In this Tour Tips segment, the instrumental rock artist, Chris Fury, recommends advice for being a musician on the road. You can check out the tips below:
I recently had an incredible touring experience playing guitar with an artist I closely work with and produce, Jehry Robinson. We toured and went through 14 states on the west coast of the USA opening up for Hip-Hop/Country star Jelly Roll’s “Son of a Sinner” tour. The entire tour was sold out and is featured in Jelly Roll’s recent documentary on Hulu. Since there was a solid buffer of time when the doors open and our set time, we wound up playing to gigantic crowds, including an unforgettable sold-out Red Rocks Amphitheatre in Colorado.
I have then since focused on my solo career and finished my new upcoming instrumental rock album “A Game Worth the Candle”, which releases June 23rd, 2023. I hope these following tour tips serve you well in your musical touring endeavors.
My top five tour tips:
1. Cultivate good health.
Travelling takes a big toll on your body, both physically and mentally, so being prepared in this regard should be the top of your list. If you take care of yourself, you stand the best shot at having the best possible experience. First and foremost, sleep whenever you can. A solid neck pillow was a life saver for me for sleeping anywhere. Especially in airports, vans, green rooms, throughout the various time zone changes.
On the road, there were times we were in a van for 10+ hours. Just remember this: A body in rest stays at rest, and a body in motion stays in motion. Stretch, or walk around when you can at rest stops. Even some simple push-ups to maintain your body is better than nothing. Before tour I got my body in shape by a combination of intermittent fasting and a daily exercise regimen. But on this recent run, we didn’t have the luxury of hotel gyms, so if you don’t either, do what you can to stay fit. At Red Rocks, I climbed to the top (192 stairs) which was an awesome workout and view of the venue before the show.
2. Be mindful what you eat / drink.
It is so easy to eat fast food or gas station junk food when that’s all you are passing on roads during the day. I recommend going to a big box store and getting some healthier options like fruit, cereal, and granola bars, which also saves gas because you don’t have to stop as much. I also supplemented my diet with some vitamins to keep my immune system up. Being in a vehicle for lengthy times can also dehydrate you, so much sure you drink more water than you’re used to, to stay extra hydrated.
3. Know your gear (really well).
Even with all the roadies and techs in the world, take responsibility for your own gear. It will help you fix or diagnose problems, get the job done more effectively, and if something happens on the fly, keep the performance going. Sing? Know your microphone you use; what brand, cable, how it works, etc. If you are a guitar player like me, make sure you know how to do a full setup on your guitar, including a full truss rod and bridge adjustment, and string change.
Make sure to have backup gear or a backup plan in case things don’t go according to plans. I had to learn how to use a new MPC to trigger tracks on this tour. One show, the MPC got disconnected and lost power during the set. Thankfully we had a battery backup, so the show kept going without skipping a beat.
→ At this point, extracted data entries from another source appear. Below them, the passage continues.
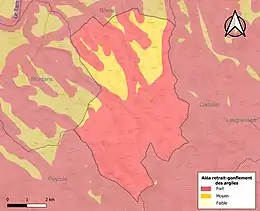La commune est vulnérable au risque de mouvements de terrains constitué principalement du retrait-gonflement des sols argileux[23]. Cet aléa est susceptible d'engendrer des dommages importants aux bâtiments en cas d’alternance de périodes de sécheresse et de pluie. La totalité de la commune est en aléa moyen ou fort (76,3 % au niveau départemental et 48,5 % au niveau national). Sur les 401 bâtiments dénombrés sur la commune en 2019, 401 sont en aléa moyen ou fort, soit 100 %, à comparer aux 90 % au niveau départemental et 54 % au niveau national. Une cartographie de l'exposition du territoire national au retrait gonflement des sols argileux est disponible sur le site du BRGM[24],[Carte 3].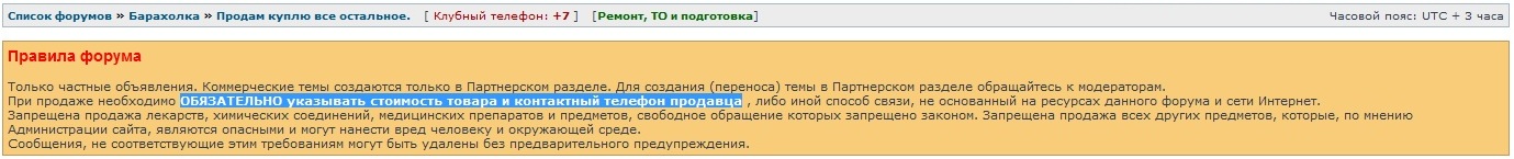 При продаже необходимо ОБЯЗАТЕЛЬНО указывать стоимость товара и контактный телефон продавца , либо иной способ связи, не основанный на ресурсах данного форума и сети Интернет.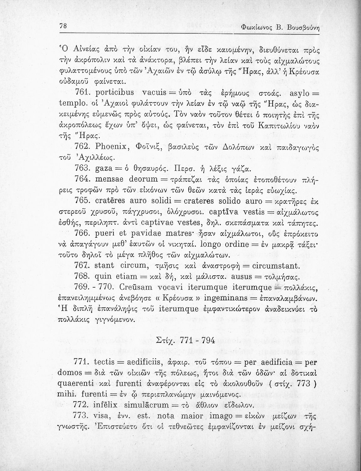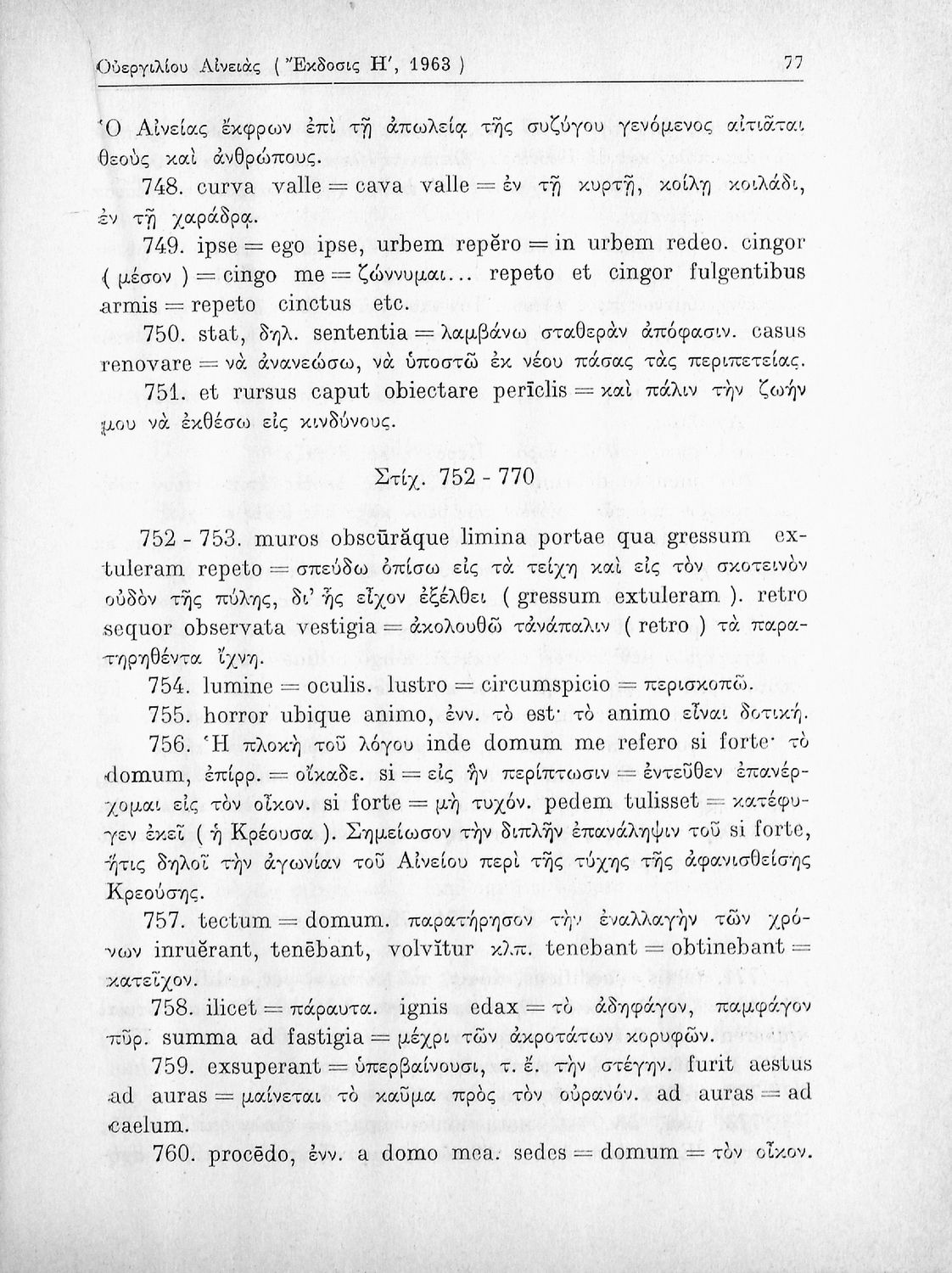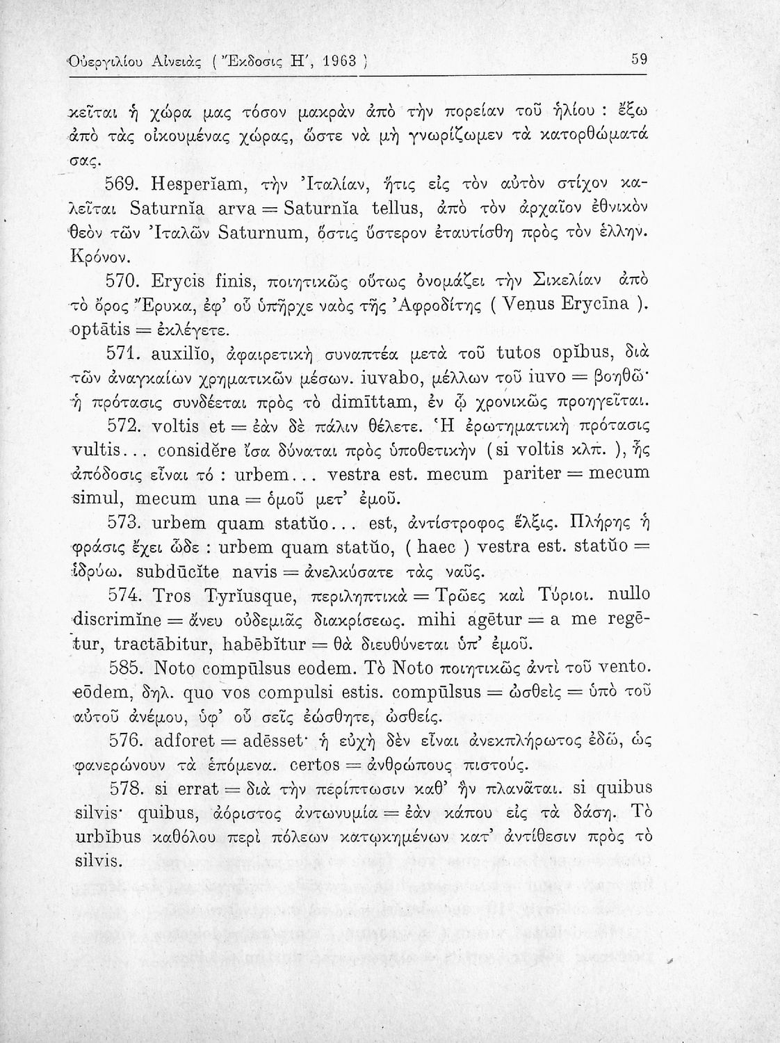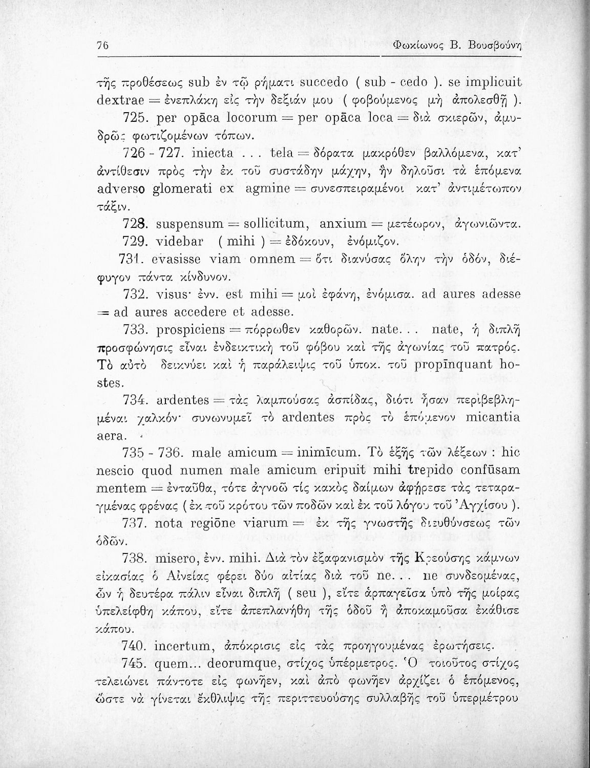 Πόπλιος Βιργίλιος Μάρων (P. Vergilius Maro), Μάρκος Τύλλιος Κικέρωνας (Marcus Tullius Ciceco), Κουίντος Οράτιος Φλάκκος (Q. Horati Flacci), Φωκίωνας Β. Βουσβούνης, Ερρίκος Σκάσσης, Ζαφείριος Ν. Φραγκίσκος (σχόλια)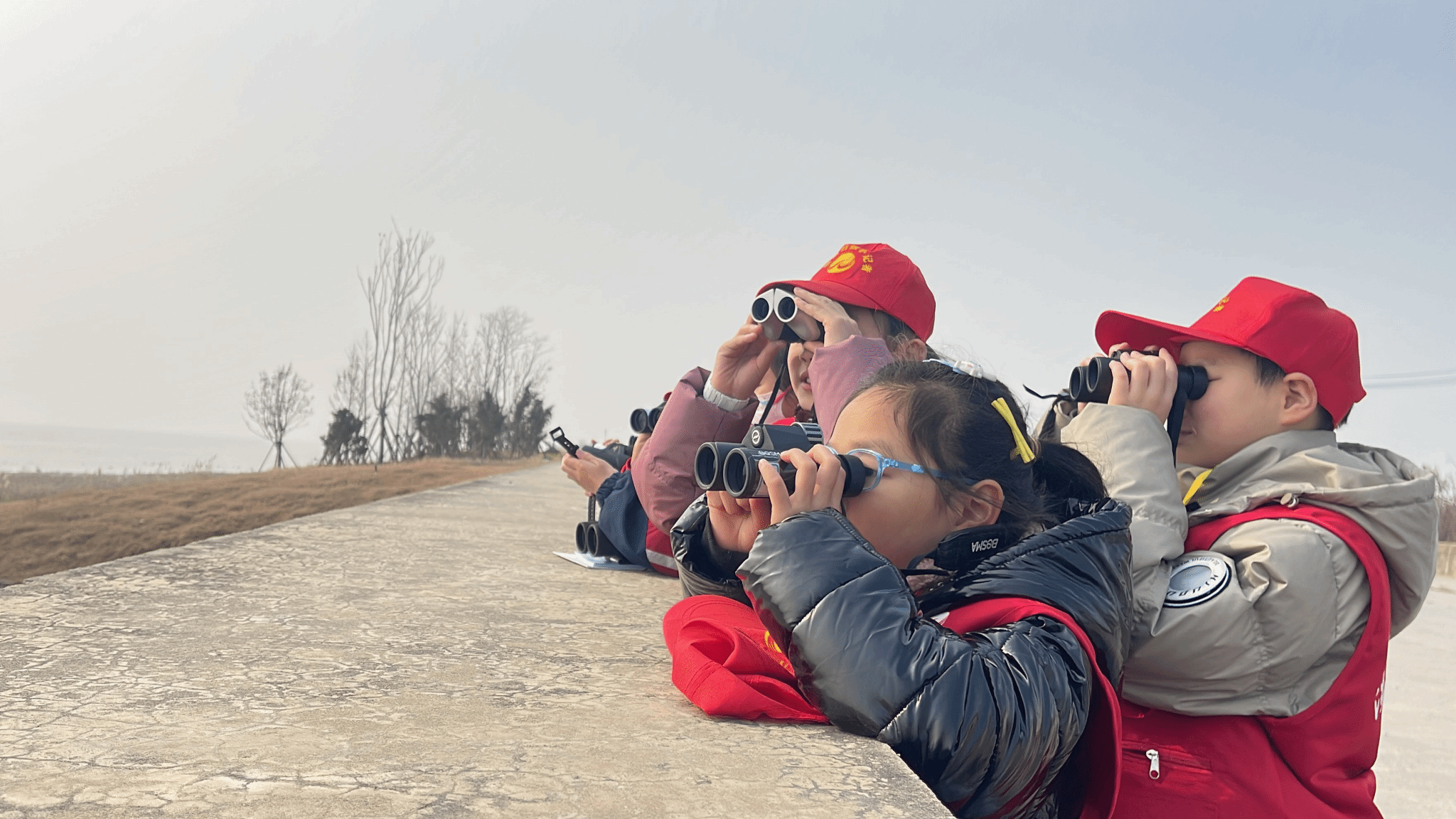 “卷羽鹈鹕头上有一簇白色卷羽,浑身羽毛雪白,体态比家养的鹅要大很多,体长1.6—1.8米,嘴巴又大又长。”观鸟现场,解雷为小记者们科普,并传授寻找卷羽鹈鹕的技巧。听完介绍,小记者们迫不及待地拿起望远镜,调整好方向,仔细寻找。“找到了,我看到5只卷羽鹈鹕!”不一会儿,小记者姜智文兴奋地叫起来。随后,在王青良的指导下,小记者们用单筒望远镜放大60倍后,看到了200米外的卷羽鹈鹕,让小记者们直呼“太壮观了”。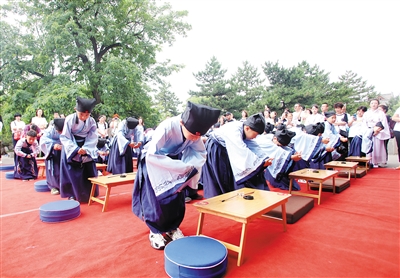 7月21日,我市多家幼儿园在府文庙举行大班毕业活动。孩子们身着学童汉服,在老师的带领下进行了庄重的“蒙童开笔礼”仪式。图为开笔礼“知礼明仪”环节小朋友们向老师行礼。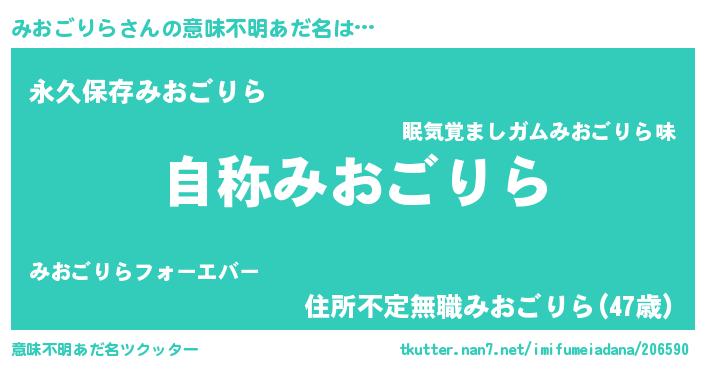 | 男性向けラノベタイトル風あだ名 | 『みおごりらに滅ぼされるだけの簡単なお仕事です』 |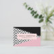 Elegantes, elegantes y sofisticadas tarjetas de visita con zigzag (chevron) de color gris y blanco con manchas de color rosa y negro. Diseño moderno y de moda, perfecto para los amantes del zigzag.
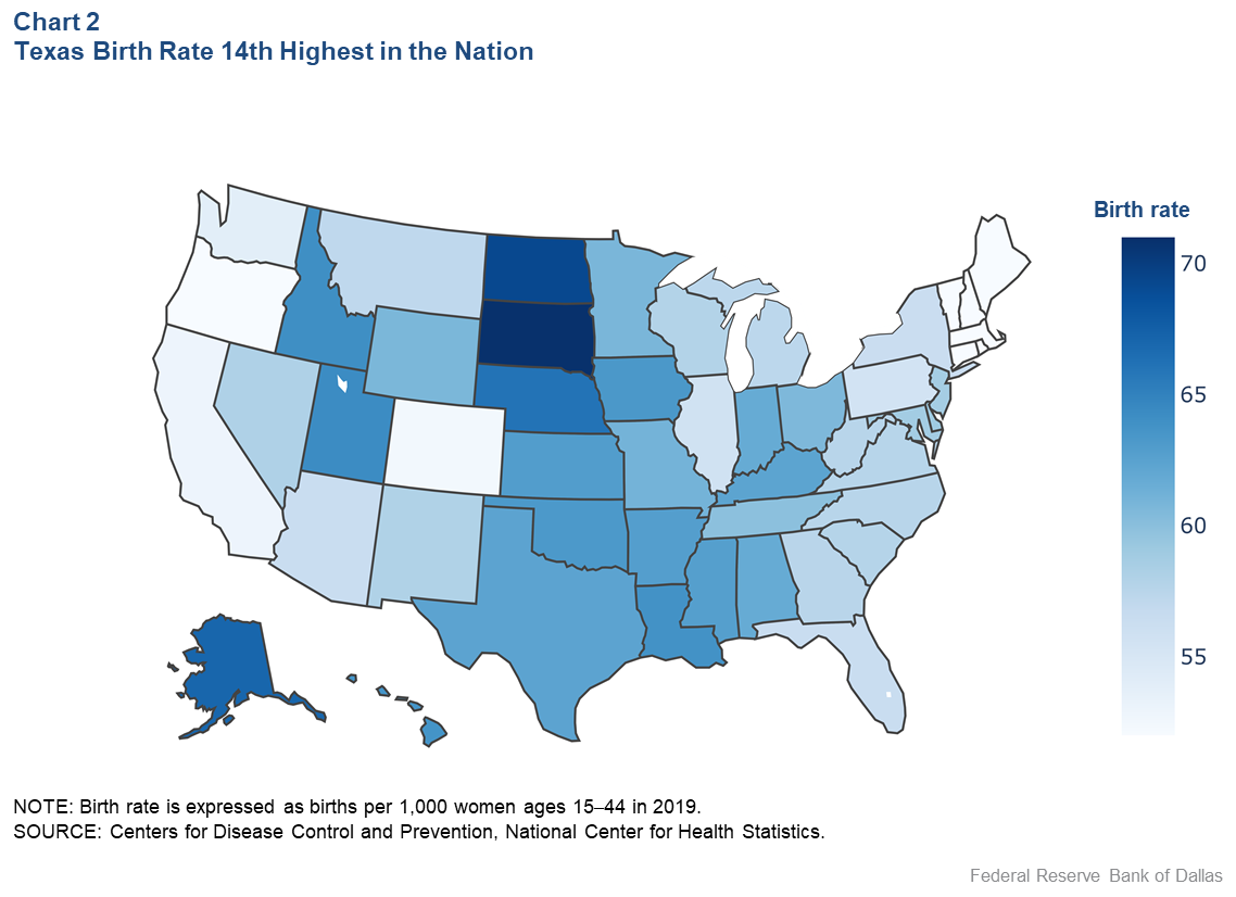 Women in Texas had a total fertility rate—the number of children one woman will have in her lifetime—of 1.8 children compared with the U.S. average of 1.7 children. Both the state and national rates were below the replacement rate—the number of children needed to sustain the size of the population in absence of migration—of 2.1.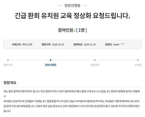 15일 청와대 국민청원 및 제안사이트에는 '긴급 환희 유치원 교육 정상화 요청 드립니다'라는 제목의 글이 등장했다.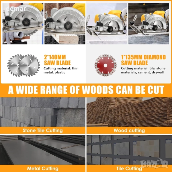 Този безжичен 5-инчов циркуляр, съвместим с батерии Dewalt 18V/20V (не са включени), разполага с мощен безчетков мотор, осигуряващ до 8000 об/мин за ефективно рязане. Той осигурява прецизност с ясни скали, регулируеми ъгли и максимална дълбочина на рязане от 1-1/16", позволявайки както прави, така и скосени разрези до 90°. Проектиран за многофункционалност, той реже с лекота дърво, пластмаса, тънък метал, плочки и други. Безопасността е приоритет чрез стартиране с два бутона, защита от претоварване и прегряване, защитен капак и включени ръкавици и очила, устойчиви на порязване, за допълнителна защита по време на употреба.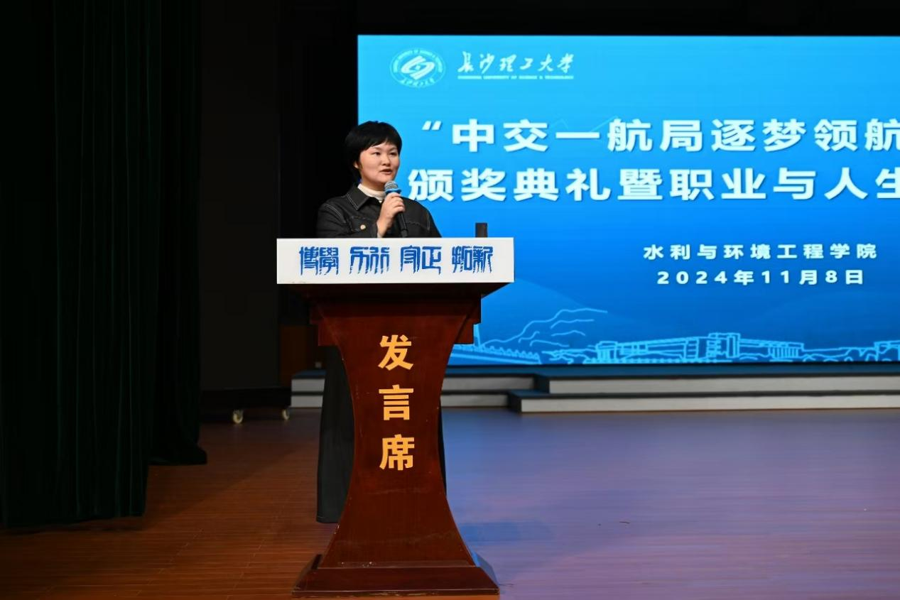 11月8日晚,中交一航局“逐梦领航”奖学金颁奖典礼暨职业与人生大讲坛在在线买世界杯平台大会堂顺利举行。出席本次活动的嘉宾有中交一航局党委组织部部长、人力资源部总经理周红涛先生,校招就处处长田上、副处长李娜,交通学院党委副书记任志祥、土木学院党委副书记黄阿明,参与活动的有来自交通、土木、水利三个学院800余名学生代表,活动由水利学院党委副书记银波主持。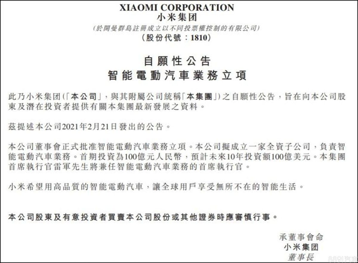 事實上,早在今年2月21日,小米集團就曾向股東會發出「智能電動汽車業務」的公告,將成立全資子公司的方式專營電動車事業,由雷軍兼任該公司執行長,首期投資100億人民幣,並預計未來10年投資額100億美元,目標是打造高品質的智能電動車。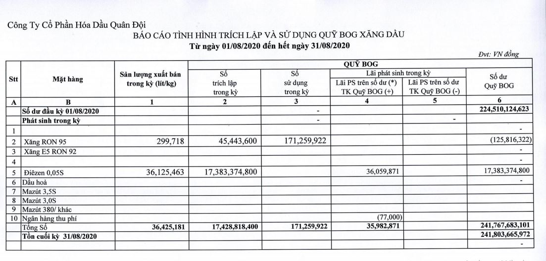 Báo cáo tình hình trích lập và sử dụng quỹ bình ổn giá xăng dầu của Công ty Cổ phần Hóa dầu Quân đội: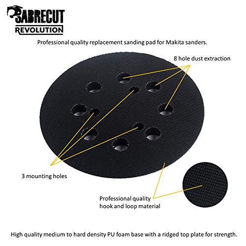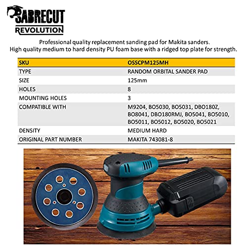 SabreCut OSSCPM125MH_2 - Cuscinetti per levigatrice orbitale a 8 fori, misura media, 125 mm, compatibili con Makita M9204 BO5030 BO5031 DBO180Z BO8041 DBO180RMJ BO5041 BO5010 BO5011 BO5012

4. Being nice goes a long way.
In an industry renown for inflated egos, make sure you check yours at the door. Anyone on a professional working tour situation carries the same goal; A great show, and for things to run as smoothly as possible. Try to not have a huge footprint, and tread lightly.
Sometimes just by using polite words like “please” and “thank you” might be the difference between getting your priceless guitar in the nice airplane closet or thrown around with all the other baggage. Once, my guitar didn’t fit on a flight, and after politely explaining to the flight attendants the importance of my gear arriving safely, they were extremely generous enough to let me put it in the empty seat next to me. That normally would cost the price of the seat. Also, by being a cool hang, maybe you’ll get the call back to work again.
5. Be here now.
One of my favorite pre-show rituals is to see what the local area is all about. It may be a food or drink like Seattle coffee, or a sight to see like walking around Las Vegas Fremont Street. It’s also great to do this on your own, especially if you’ve been couped up with the same people for a while. For me it always re-energizes me and confirms my thrill for adventures.
Embrace both the good, and the bad; come what may. Give it your all on stage and also know that some of the hard times on the road will pass. By staying in the present moment always, you’ll be able to embody the touring experience, and be prepared for what comes your way.
I hope these tips are helpful for you. By keeping them in mind I sincerely hope you all have unforgettable experiences out there on the road.